Hey mate the Certate is defiantly worth it. But the 3500HD Custom might be a little bit big for the rod you want it on. Stick with the 2500-3000 sizes. I have 2 xCaldia Kix, 2 x Luvias and 1x Certate, guess which one I like using the most...???

It all comes down to your Budget. The SOL and Caldia Kix are all great reels. However, if you have the extra coin to spend... go the Certate!!!!

Ben


----------



## water_baby (Oct 26, 2005)

yeah, the rod is rated 8-15lb. i think from memory the 3500 is rated 14lb i think.. the 3000 seems to a good all rounder - from the reports i see they will handle small to medium kingys, snapper, salmon etc from rocks + beach, but will still be light enough to chase bream/small mullys on in the creeks.

BTW, im really really shit with my fishing budget. i know i said $250-$300, but the firm hand of rationality has sat on my shoulder, ill get the certate 3000. it sounds like the better option.

thanks for all the input guys, much appreciated.

now, wheres the cheapest certate 3000 on the web? i reckon i saw one last night for USD 375.00 - can anyone beat that?? :twisted: :lol:

NOTE: go the aussie dollar, grow, grow.... muhahahaha :lol:


----------



## water_baby (Oct 26, 2005)

hmm, now the dilemma. should i err on the heavy side and go for the 3500HD or a smidge lighter with the 2500R...

so many decisions... my brain is exploding after reading all the engrish on those sites. i love japan :lol:


----------



## Davey G (Jan 15, 2006)

hmmm you blokes and your $5 million dollar reels.

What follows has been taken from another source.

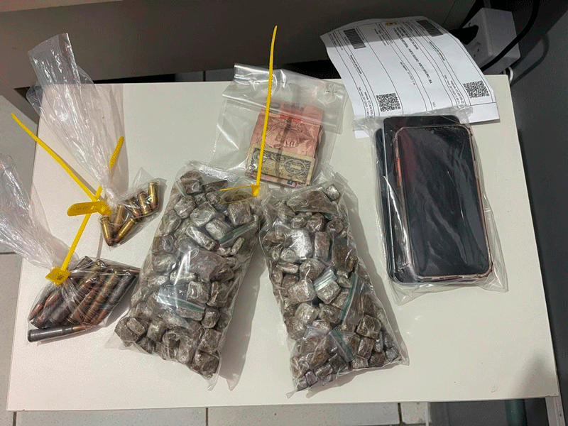 No imóvel onde o suspeito foi localizado, os policiais também encontraram J.S.J., de 21 anos. Ambos foram flagrados com uma grande quantidade de drogas semelhante à maconha, além de diversas munições de uso restrito, incluindo munições de fuzil calibre 5.56 e de pistola 9 mm.

Nothing wrong with that and its nice to have good gear if you can afford /justify it but for 90% of guys on this forum these sort of reels are only ever gonna be dreams...

My 2 cents - theres nothing wrong with a 2500 size Shimano Symetre - for around $100 it still pulls 15lb of drag (and yes I also own a Stradic),.

But if you've got $300 to spend then go for one of the reels mentioned - just don't drop it overboard :shock: :shock:  ;-)


----------



## water_baby (Oct 26, 2005)

Davey G said:


> hmmm you blokes and your $5 million dollar reels. Nothing wrong with that and its nice to have good gear if you can afford /justify it but for 90% of guys on this forum these sort of reels are only ever gonna be dreams...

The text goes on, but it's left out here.